各国中央銀行は、大規模かつ迅速な金融引き締めを余儀なくされ、世界的な低金利の時代は終わりを迎えようとしています。しかしながら、不安定なエネルギーや食品価格の上昇だけではく、賃金上昇によってもたらされた旅行、接客、医療サービス等の分野でもインフレの影響が及んだことで、物価上昇は広範なインフレにまで拡大しており、期待インフレ率よりも実際のインフレ率を重視する先進国の中央銀行は、2023年中に利下げを実施する可能性は高くないと考えています。
3.世界市場環境
COVI-19の混乱後、各国政府は、国内で政治的に誘発された課題に対処するために、公共支出を増やす傾向にあります。

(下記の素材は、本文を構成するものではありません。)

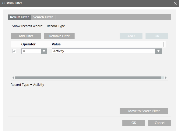 Move to Search Filter | Displays only when the Result Filter tab is selected. Allows you to move the result filter to a search filter. |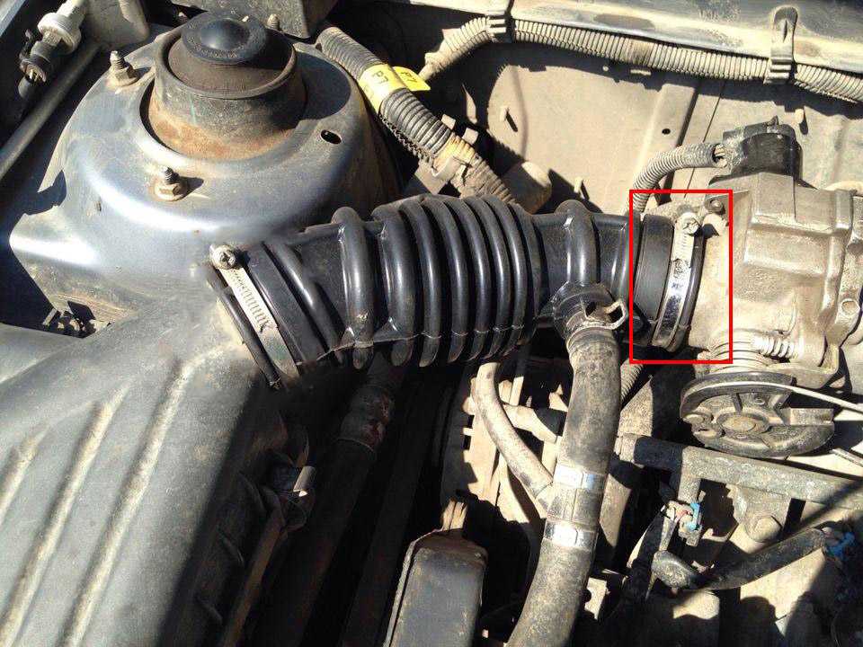 5. Ослабив хомут крепления крестовой отверткой, отсоедините воздухоподводящий рукав от патрубка дроссельного узла и отведите рукав в сторону (как снять воздухоподводящий рукав читайте в статье расположенной здесь).

多くの先進国も同様に、2023年に財政赤字が大きく改善していくというシナリオは見えません。
英国でトラス政権が打ち出した大型減税策(後に撤回)をめぐって、財政悪化への懸念から通貨ボンドがドルに対して急落する等の市場の混乱をもたらし、退陣に追い込まれた事実が示すように、金融市場は持続不可能な財政政策、特に持続不可能な対外収支を拒否します。その結果、国防費や公共事業等の恒久的な増加に必要な資金を賄うには、増税に頼るか、公的債務の大幅な増加というリスクを伴う選択肢を取る国が増えて来るものと考えられます。そのため、多額の債務を抱える国家のソブリン債(政府や政府機関が発行または保証を行っている債券の総称)の利回りは、再び急激に上昇する可能性があると言えます。
4.米ドルの行方
米国連邦準備制度理事会(FRB)は、引き続きタカ派の立場をとり、米ドル高が世界的な金融政策の引き締めの中心であり続けることが想定されます。各国が自国の通貨安により輸入インフレを悪化させないようにするためには、ユーロ圏をはじめとした各国は、FRBと歩調を合わせて、利上げ路線を継続せざるを得ないと考えられます。日本においても、12月の金融政策決定会合で、イールドカーブ・コントロール(長短金利操作)の運用見直しを決定し、長期金利(10年物国債利回り)の変動許容額を従来の±0.25%程度±0.5%に拡大するという、実質利上げが行われたことも記憶に新しいかと思います(この発表を受けて、10年物国債利回りは0.25%から0.46%へと急騰し、ドル円は137.1円から133円へと下落)。さらに、米ドル高が継続すると、新興国からの資金引上げが加速する可能性もあります。
実質貿易加重米ドルは既に1985年以来最も高い水準にありますが、2023年の中間~後半にかけてピークをむかえ、いくらか落ち着きを取り戻すものと考えられます。
5.世界の長期的見通し
2023年は、ウクライナ戦争によるエネルギー価格の高騰や中国の成長率低迷の影響が色濃く残るものと考えています。ユーロ圏及び米国も景気後退に陥るリスクが高いものと考えています。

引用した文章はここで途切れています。